Sweet continues to bike because he greatly enjoys the physical advantages that cycling has on his body.

“My main motivation is for health and fitness,” Sweet said. “Biking has also led me to the weight room, where I work a lot on upper body strength, which relieves shoulder, neck, and back pain on long rides.”

There is no doubt that Sweet enjoys biking, especially when he is able to see a variety of landscapes.

“The ride through the Colorado Monument provides some outstanding scenery,” Sweet said. “Mountain passes, like Grand Mesa and Wolfcreek Pass, are very scenic. There is snow at the top of those passes.”

Sweet was able to travel to Colorado because he is involved in the Ride the Rockies program. He joined this organization five years ago when his brother-in-law inspired him to start biking.

“My brother-in-law started doing this ride about 11 years ago, and I got on beginning in 2005,” Sweet said. “I have just always liked being on the bike.”

According to its website, Ride the Rockies is an annual bicycle excursion that takes nearly 2,000 cyclists on a tour each June. To celebrate 25 years, Ride the Rockie’s journey this year was one of the most challenging and scenic routes.

“This year’s ride began in Grand Junction, CO and ended in Salida, CO,” Sweet said. “I drove to Denver, and then we took a bus with our bikes boxed from Denver to Grand Junction.”

Over the years, Sweet has participated in the Ride the Rockies program with fellow family members. According to Sweet, support from fellow cyclists is important when venturing out into rocky landscape.

“It helps to have a team of people with you to keep motivated and find humor in the physical exertion,” Sweet said.

Sweet has a group of cyclists that he bikes with every year in the Ride the Rockies tour.

According to Sweet, he usually bikes with his brother-in-law. Sweet’s niece, as well as his brother-in-law’s nephew, also ride with them.

Additionally, the team welcomed a new member this year for their Ride the Rockies journey through Colorado.

“For the first time this year, our daughter, Kim Rubenstein, who lives in Bremerton, WA, rode with us.”

During their trek through the mountains of Colorado, Sweet and his teammates biked nearly all day for an entire week.

“Our group typically starts riding before 7 a.m.,” Sweet said. “It depends on the length of the ride each day as to when you get finished. This year, the rides were long, so we usually didn’t get in much before 4 p.m.”

As if biking through the rocky terrain were not enough, Sweet even camped in the mountains during the week of the tour.
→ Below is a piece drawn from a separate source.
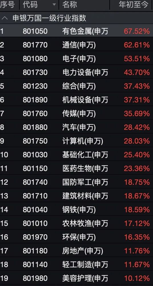 从申万一级行业来看,前三季度行业表现也出现巨大分化。有色金属、通信、电子位居前三,年内涨幅均超50%,电力设备、综合、机械设备、传媒、汽车、计算机、基础化工、医药生物等板块涨幅超过20%;煤炭、食品饮料、石油石化、交通运输等板块逆势下跌。

“Ride the Rockies provides camping space, usually at the local high school football field or college campus,” Sweet said. “I have camped on many of the high school football fields in Colorado during these rides.”

When Sweet is not traveling the country on his bike, he occupies a great deal of his time serving as superintendent of Delano Schools.

Sweet has lived in Delano for nearly five years with his wife Barb, who is an occupational therapist at Centra Care Health System in St. Cloud.

The couple has two daughters. Rubenstein, who is the local editor of the Kitsap Sun, and Pam Redlinger, who is the band director at Moorhead High School, and she resides in Moorhead.

Sweet greatly enjoys the outdoors, getting involved in water sports, and simply staying active.

“After Ride the Rockies, I get the boat out of storage and try to find people who will drive it while I water ski,” Sweet said. “Much of my spare time is spent in some kind of physical activity.”

Sweet will continue to stay involved in the Ride the Rockies program, and hopefully venture to Colorado on further bike adventures.

“The ride is a challenge that when you finish, you can look back with satisfaction in conquering the miles and mountain passes,” Sweet said.